See clause 4.3.3 of 3GPP TS 23.203 [7] clause 4.5.5 of 3GPP TS 29.212 [8] and clause 4.7.7 of 3GPP TS 23.401 [14].

The CP function shall control the QoS enforcement in the UP function by:

– creating the necessary PDR(s) to represent the service data flow, application, QoS Flow (for 5GC), bearer or session, if not already existing;

– creating QERs for the QoS enforcement at session level, SDF/application level;

– creating QERs for the QoS enforcement of the aggregate of SDFs with the same GBR QCI;

– creating QERs for the QoS enforcement of the aggregate of SDFs with the same GBR QFI (for 5GC);

– associating the session level QER to all the PDRs defined for the session;

– associating the SDF or application QER to the PDRs associated to the SDF or application;

– associating the QER of the aggregate of SDFs to the PDRs associated to SDFs or applications that share the QER.

The same QER may be associated to UL and DL PDRs. The UP function shall identify the UL and DL flows by the Source Interface IE in the PDRs or the Destination Interface IE in the FARs. The UP function shall enforce the QoS for the UL or DL flows accordingly.

The CP function shall map the precedence of a PCC rule to the precedence of the PDRs associated to the corresponding service data flows.

5.4.5 DL Flow Level Marking for Application Detection

DL flow level marking is performed using DL DSCP marking. DL DSCP marking for application indication refers to the process in the TDF of marking detected downlink application traffic with a DSCP value received within an installed ADC rule matching this traffic. See Annex U of 3GPP TS 23.203 [7] and clauses 4.5.2.7 and 4b.5.14 of 3GPP TS 29.212 [8].

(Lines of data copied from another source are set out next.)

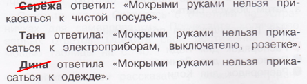 Таня ответила: "Мокрыми руками нельзя прикасаться к электроприборам, выключателю, розетке".
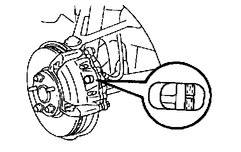 2. Check the pad thickness through the caliper inspection hole and replace pads if not within specifications, or if the pads have severe, uneven wear.
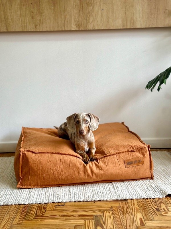 La Cama Prana de Somos Orejas es ese rincón donde tu mascota descansa feliz, sin malos olores, sin complicaciones, y con el diseño cálido que acompaña tu casa.
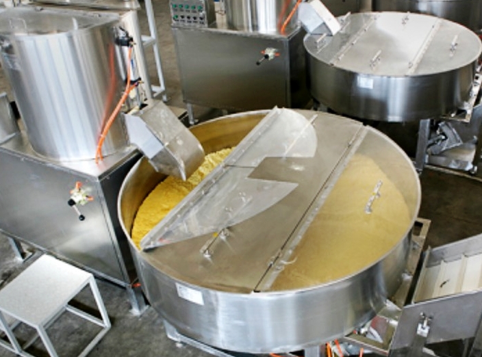 本生產線采用擠壓非膨化技術,通過高壓高溫使雜糧淀粉糊化并形成條狀;本設備適用于多種雜糧谷物,針對不同糧食的特性,只需調整相關的PLC參數,即可實現不同原料雜糧面條的生產。
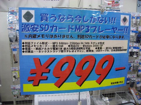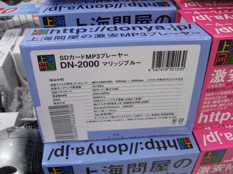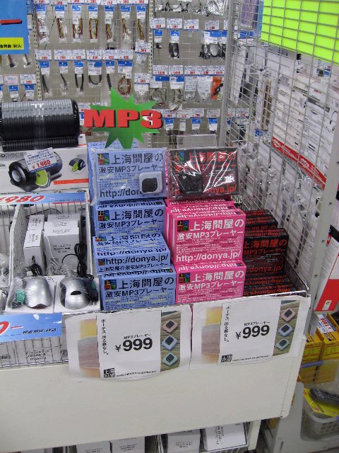 店内に入ると,メモリカードの事は忘れて,上海問屋の激安MP3プレーヤーと分かりやすい名前のMP3プレイヤを見つけた.値段は999円.Webでも販売しているみたい.

DL DSCP marking for application indication is controlled by the TDF-C by associating a QER, including the ToS or Traffic Class within the DL Flow Level Marking IE, to the PDR matching the DL traffic to be marked. The TDF-U performs the DL DSCP marking for the detected DL traffic and sends the marked packet to the PGW-U.

If a tunnelling protocol is used between the TDF-U and the PGW-U, the DSCP value for service data flow detection shall be carried in the inner IP header.

The TDF-C may stop the DL DSCP marking for the application during the PFCP session by removing the related QER or removing the DL Flow Level Marking IE from the related QER, the TDF-U shall then stop such function consequently.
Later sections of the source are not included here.